# Root training



## Joseph James (Mar 22, 2008)

Has any one had experience with root training or trimming? Is this really something that needs to be done, cuz I have seen the infamous " Green Giant Grow " haha...the triple G! 

 what do ya say?


----------



## smokybear (Mar 23, 2008)

I have only ever heard of root training when trying to do a bonsai mother plant for clones. When you transplant the mother into another pot, you trim the roots away to keep the mother plant small, just like you do to bonsai trees. I do this every year or two because I also grow bonsai trees so I know what you're talking about. Other than that JJ, I have never heard of this being done. Maybe I'm in the dark though. Got any threads? Take care and be safe my friend.


----------



## massproducer (Mar 23, 2008)

Are you growing in soil, and your you root bound?

I have not seen that grow, but I myself would never trim my roots, because at best it will stunt your growth, and IMHO, it could very easily kill your plants.  I am a hydro grower but i do not touch my roots, the roots are the most delicate part of any plant and any damage to even the root hairs that come off the roots, and you could leave your plants unable to feed.

I have heard some soil growers that put slits in their roots when they become root bound to start the growth again because being root bound had them stunted, but I don't think that it is a good idea to even touch healthy roots.

If you want a way to maximize your plants potential give it some carboload or another source of carbohydrate, you will see a noticible difference supplementing carbohydrates as your plants will use its stores fast especially during flowering.
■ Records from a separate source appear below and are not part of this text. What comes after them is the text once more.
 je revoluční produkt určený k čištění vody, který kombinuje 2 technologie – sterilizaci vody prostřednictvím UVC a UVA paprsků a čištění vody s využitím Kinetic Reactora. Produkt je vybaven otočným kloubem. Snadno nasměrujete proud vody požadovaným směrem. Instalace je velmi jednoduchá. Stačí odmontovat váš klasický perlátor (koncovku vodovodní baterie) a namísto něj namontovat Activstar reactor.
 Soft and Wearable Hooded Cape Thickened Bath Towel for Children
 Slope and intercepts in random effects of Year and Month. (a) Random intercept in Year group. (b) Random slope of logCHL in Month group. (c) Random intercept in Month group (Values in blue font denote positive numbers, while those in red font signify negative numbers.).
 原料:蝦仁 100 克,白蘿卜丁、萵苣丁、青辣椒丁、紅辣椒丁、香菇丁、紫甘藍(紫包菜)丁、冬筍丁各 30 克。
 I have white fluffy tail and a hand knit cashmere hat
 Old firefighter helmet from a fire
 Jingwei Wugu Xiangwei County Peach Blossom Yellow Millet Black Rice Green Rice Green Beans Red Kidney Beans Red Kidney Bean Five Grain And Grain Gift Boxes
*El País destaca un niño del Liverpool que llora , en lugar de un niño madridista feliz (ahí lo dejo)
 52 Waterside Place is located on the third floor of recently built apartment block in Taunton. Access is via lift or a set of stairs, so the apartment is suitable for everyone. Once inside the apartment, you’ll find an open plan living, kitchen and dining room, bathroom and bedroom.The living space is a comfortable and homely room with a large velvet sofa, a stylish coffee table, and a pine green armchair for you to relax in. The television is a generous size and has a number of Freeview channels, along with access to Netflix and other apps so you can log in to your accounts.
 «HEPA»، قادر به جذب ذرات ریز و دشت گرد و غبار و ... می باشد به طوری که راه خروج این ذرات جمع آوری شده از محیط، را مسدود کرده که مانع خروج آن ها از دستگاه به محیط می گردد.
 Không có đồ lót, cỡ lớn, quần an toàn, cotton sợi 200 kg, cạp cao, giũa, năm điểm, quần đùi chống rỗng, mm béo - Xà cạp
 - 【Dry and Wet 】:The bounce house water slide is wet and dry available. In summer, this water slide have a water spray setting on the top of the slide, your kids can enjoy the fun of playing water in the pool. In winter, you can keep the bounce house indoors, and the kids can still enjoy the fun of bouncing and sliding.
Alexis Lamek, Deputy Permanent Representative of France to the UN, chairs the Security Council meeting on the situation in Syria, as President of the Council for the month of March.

Sorry i couldn't be of more help, hopefully one of the other guys or gals will know more about this.


----------



## smokybear (Mar 23, 2008)

As I said before, trimming roots will make the plant stunted and is only suited for bonsai mothers. Take care everyone.


----------



## Joseph James (Mar 23, 2008)

Thanks guys, I don't plan on using the technique.


----------



## gardenguru (Mar 23, 2008)

Joseph James said:
			
		

> Thanks guys, I don't plan on using the technique.


 
There is another method called root supression where you grow largish plants in tiny pots.


----------



## trillions of atoms (Mar 24, 2008)

you can do it on a reveg as wel if needed....


----------